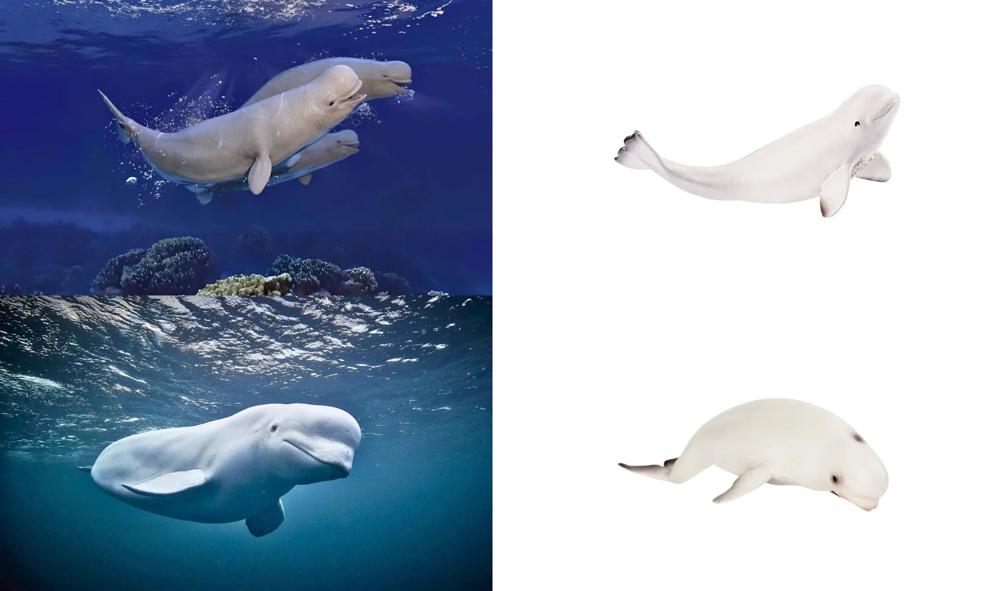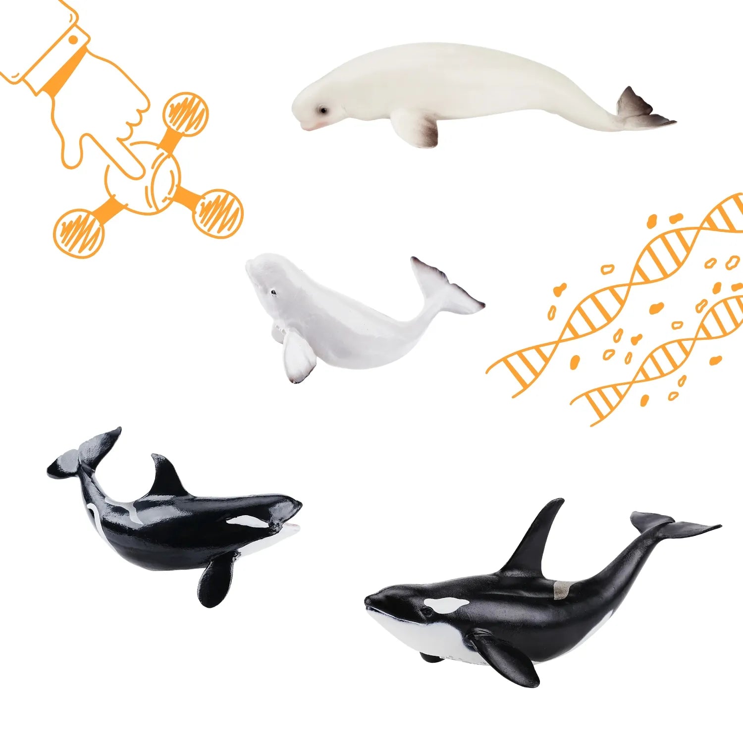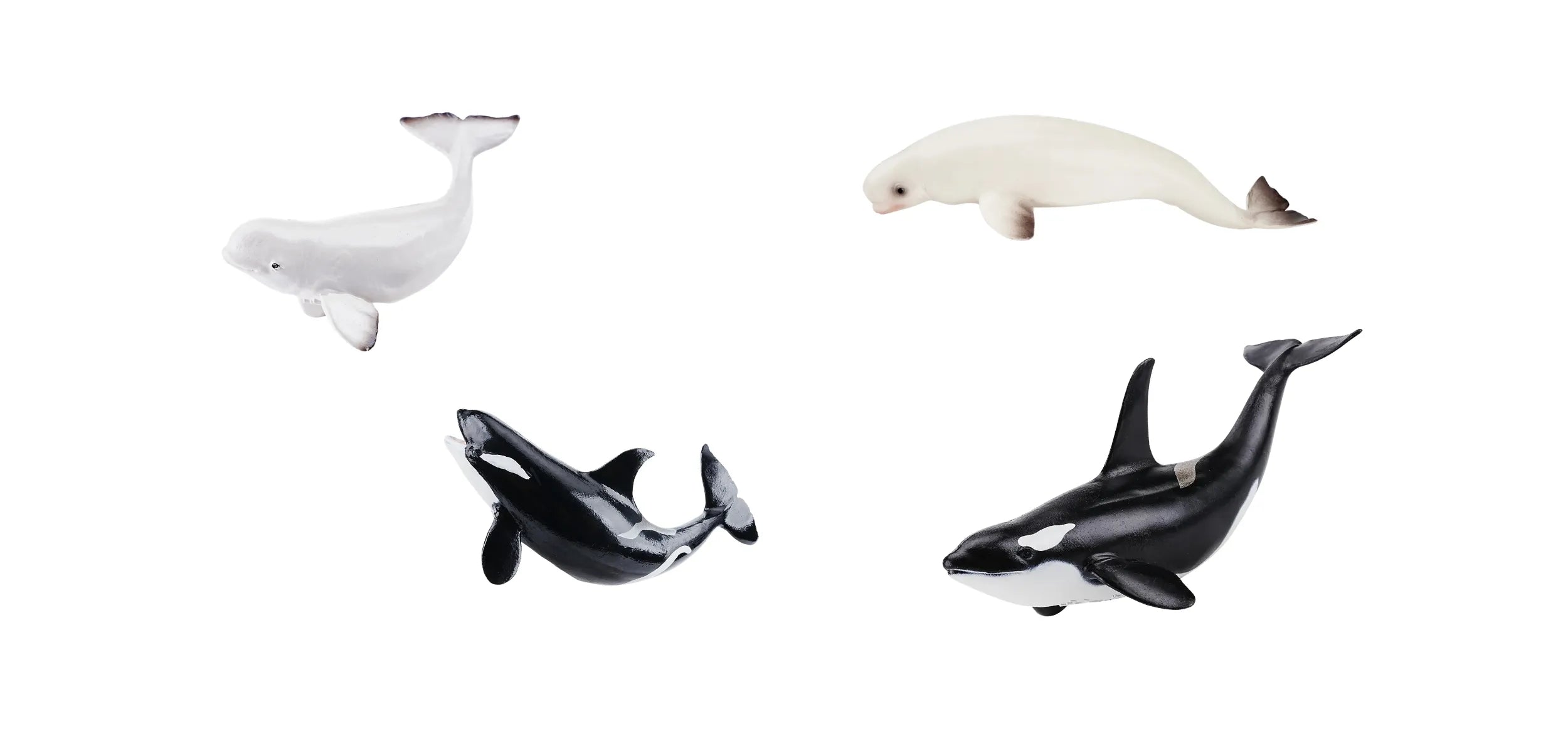 Erkunden Sie die Welt der Ozeane mit diesem lebensechten 4-teiligen Set mit Walfiguren Erwachsene und Jungtiere – ideal für fantasievolles Spielen, Ausstellen und Lernen.
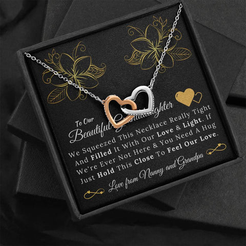 "To Our Beautiful Granddaughter.....We Squeezed This Necklace Really Tight And Filled It With Our Love & Light. If We're Ever Not Here & You Need A Hug Just Hold This Close To Feel Our Love...Love From Nanny & Grandpa"
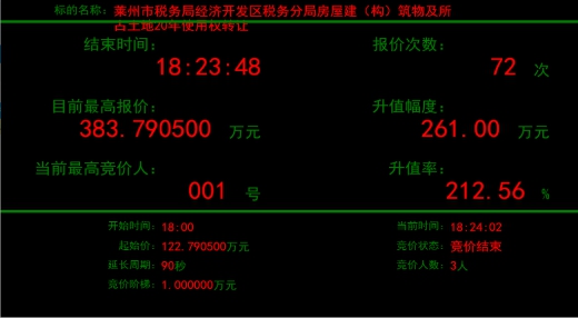 近日,萊州市稅務(wù)局經(jīng)濟(jì)開發(fā)區(qū)稅務(wù)分局所屬房屋建筑物及所占土地20年使用權(quán)轉(zhuǎn)讓項(xiàng)目在煙臺(tái)產(chǎn)權(quán)掛牌并有多個(gè)意向受讓方報(bào)名,最終,經(jīng)過72輪激烈報(bào)價(jià),項(xiàng)目較掛牌底價(jià)122萬元,增值261萬元,增值率高達(dá)212.56%,不但保證了疫情期間國有產(chǎn)權(quán)業(yè)務(wù)的正常開展,而且?guī)椭a(chǎn)權(quán)持有人實(shí)現(xiàn)了價(jià)值最大化。
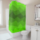 Dieser Duschvorhang ist geometrisch in fünf Grüntönen gestaltet, die horizontal verlaufen.
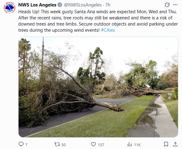 최신 기상 정보는 NWS 공식 홈페이지에서 확인할 수 있으며, 관련 문의는 nws.losangeles@noaa.gov

**What to work on:**
In the copy, include every line of the entries above exactly and none of the pictures.

**Expected answer:**
 Erkunden Sie die Welt der Ozeane mit diesem lebensechten 4-teiligen Set mit Walfiguren Erwachsene und Jungtiere – ideal für fantasievolles Spielen, Ausstellen und Lernen.
 "To Our Beautiful Granddaughter.....We Squeezed This Necklace Really Tight And Filled It With Our Love & Light. If We're Ever Not Here & You Need A Hug Just Hold This Close To Feel Our Love...Love From Nanny & Grandpa"
 近日,萊州市稅務(wù)局經(jīng)濟(jì)開發(fā)區(qū)稅務(wù)分局所屬房屋建筑物及所占土地20年使用權(quán)轉(zhuǎn)讓項(xiàng)目在煙臺(tái)產(chǎn)權(quán)掛牌并有多個(gè)意向受讓方報(bào)名,最終,經(jīng)過72輪激烈報(bào)價(jià),項(xiàng)目較掛牌底價(jià)122萬元,增值261萬元,增值率高達(dá)212.56%,不但保證了疫情期間國有產(chǎn)權(quán)業(yè)務(wù)的正常開展,而且?guī)椭a(chǎn)權(quán)持有人實(shí)現(xiàn)了價(jià)值最大化。
 Dieser Duschvorhang ist geometrisch in fünf Grüntönen gestaltet, die horizontal verlaufen.
 최신 기상 정보는 NWS 공식 홈페이지에서 확인할 수 있으며, 관련 문의는 nws.losangeles@noaa.gov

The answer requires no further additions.